Although G-CSF has been utilized in different studies to enhance the effect of HBV vaccination in immune response induction, as an adjuvant therapy, our study is the first one using G-CSF as an adjunct modality with HBV vaccination in patients with liver cirrhosis. Our results did not show any significant difference between patients receiving G-CSF and patients receiving placebo in terms of increase in the antibody titers. However, a more rapid rise in antibody titers was observed in patients treated with G-CSF, after all three sessions of vaccinations. Based on our findings, protective titers of HBV antibody (> 10 Iu/mL) was obtained in only 32% of our patients even with double dose vaccination (with and without G-CSF). This effect was increased to 50.1% and 83% after second and third vaccination sessions, respectively. We suggest a complete three session HBV vaccination in patients with liver cirrhosis since one or two vaccination sessions (even with double dose) failed to produce protective antibody titers in these patients.

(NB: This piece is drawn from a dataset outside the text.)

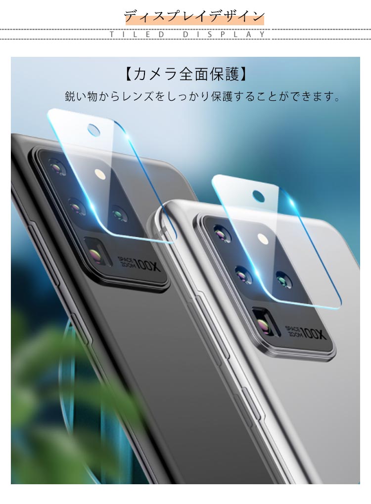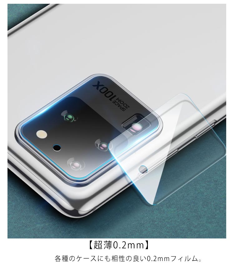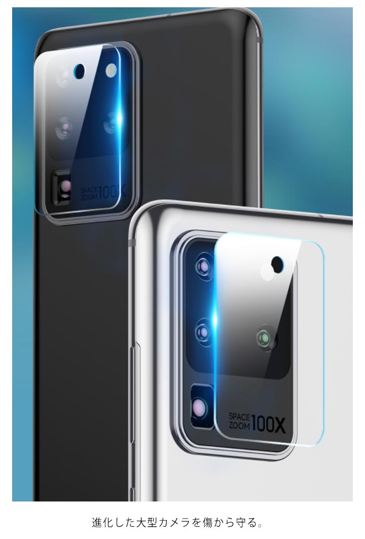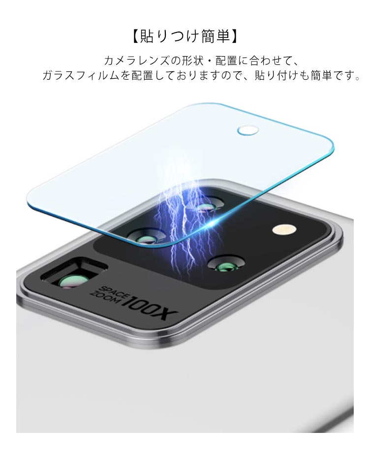 | Galaxy S20シリーズレンズ保護ガラスフィルム。 【カメラ全面保護】 鋭い物からレンズをしっかり保護することができます。 【超薄0.2mm】 各種のケースにも相性の良い0.2mmフィルム。 【高透過率】 透過率99%以上、撮影の効果は元の鮮やかさを維持しています。 【貼りつけ簡単】 カメラレンズの形状・配置に合わせて、ガラスフィルムを配置しておりますので、貼り付けも簡単です。 | |

Previous studies showed that the usual dose (20 μgr) of recombinant HBV vaccine was not efficient for producing protective antibody titers in patients with liver cirrhosis (5, 6). Therefore, in some other studies double dose HBV vaccines were used to increase the potency of immunologic responses (11, 12). A prospective study by Horlander et al. showed that HBV vaccine dose duplication could result in better antibody responses, compared to single dose vaccination, but the final response was still very low (7). Another prospective study among patients with cirrhosis in transplant waiting list showed that double dose of HBV vaccine was not capable of producing protective antibody titers in majority of patients on the transplantation day and one and two years after liver transplantation (8). A preliminary prospective trial using double dose HBV vaccine had similar results (9). Therefore, another strategy rather than doubling the dose of the vaccine should be sought to overcome the problem.

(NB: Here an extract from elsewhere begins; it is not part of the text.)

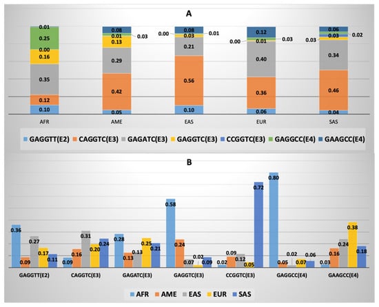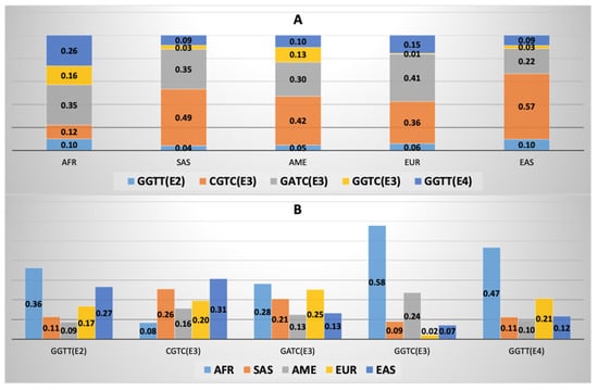 If the attention is focused specifically on variants that are polymorphic at least once in every single population of the 1KGP dataset, then only four variants emerge (rs440446, rs769450, rs429358, and rs7412) that compose a sub-cluster of the SNPs identified as shared across macroareas in the previous Section 3.4. These four variants carry alleles involved in the neurodegenerative and cognitive alteration of the individual (especially rs440446-G and rs769450-A), with an overlapping layer of cardiovascular and cerebrovascular ailments deriving especially from the ε2 and ε4 isoforms. Indeed, out of 24 = 16 possible combinations, there is only one haplotype carrying APOE ε2, while four carry isoform ε3 and three contain ε4 (Figure 4 and Supplementary Table S5). Three of the combinations, however, appear only once in the dataset: C-A-T-C (ε3 carrying the risk allele rs769450-A) in a Chinese Han individual from Beijing (CHB); G-A-C-C (ε4 and carrying both the causative mutations mentioned above) in a Mende, Sierra Leone sample (MSL); and C-G-C-C (ε4 but carrying none of the other neurodegeneration-associated mutations) in a South Asian individual from Bangladesh (BEB). Considering the remaining five combinations and their distribution across macroareas, it can be noticed how the AFR group exhibits a higher proportion of the ε2- and ε4-carrying haplotypes (10.3% and 26.3% of the overall AFR haplotypes, but they contribute to 26.3% and 46.6% of the respective haplotypes), and it provides more than half of the total ε3-carrying haplotype G-G-T-C found in the dataset, with 217 copies against a total of 375, or 57.9% (the AME macroarea is the second highest contributor, with 89 copies or 23.7%). On the contrary, the EUR macroarea seems to be particularly devoid of this specific sequence, as it appears only eight times overall; however, it is a significant contributor to another ε3 haplotype which carries both mutations associated with neurodegeneration, G-A-T-C (25.2%, just behind AFR with 28.2%), as well as the ε4-carrying sequence, G-G-T-T, with 20.8% of them coming from individuals of European ancestry. East Asian and South Asian populations particularly contribute to the ε3-including haplotype C-G-T-C (30.7% and 25.6% respectively), which does not carry any risk allele; indeed, this sequence makes up 48.9% of the South Asian and 56.9% of the East Asian total haplotypes (Figure 4 and Supplementary Table S5).

Colony stimulating factors (CSFs) are a group of multi-potential hematopoietic cell growth factors which have been widely used in clinical settings (13). CSFs in the form of GM-CSFs have been utilized in several studies as adjuvants to HBV vaccination in patients with end stage renal diseases and were helpful to induce better antibody responses in these patients (14). Therefore, CSFs can be used in patients with cirrhosis in transplant waiting list to induce immune response after HBV vaccination. G-CSF is a cytokine produced by many kinds of cells like endothelial cells, macrophages and lymphocytes and has been used for recovery of neutropenia after chemotherapy and increasing stem cells in circulation (15). This cytokine can increase neutrophil count, improve antigen presenting cell (APC) function and is involved in immune system development (16). G-CSF also mobilizes T helper 2-inducing dendritic cells (17), which can induce specific immune responses against HBV (18). In the present study the effect of G-CSF on increasing antibody titers following double dose HBV vaccination has been investigated. Previous studies regarding efficacy of HBV vaccination in patients with cirrhosis are mainly retrospective or prospective cohort. Our study is the first placebo controlled trial about efficacy of double dose HBV vaccination in patients with cirrhosis. Our study is unique because it is the first study using G-CSF as an adjunct modality to HBV vaccination in patients with cirrhosis. However, the results about ineffectiveness of G-CSF in immune response induction should be interpreted cautiously, due to relatively small sample size of this study. Finally we must emphasize on the point that patients receiving G-CSF had more rapid antibody response to HBV vaccination. Future prospective trials with larger sample sizes are necessary to further elucidate this issue.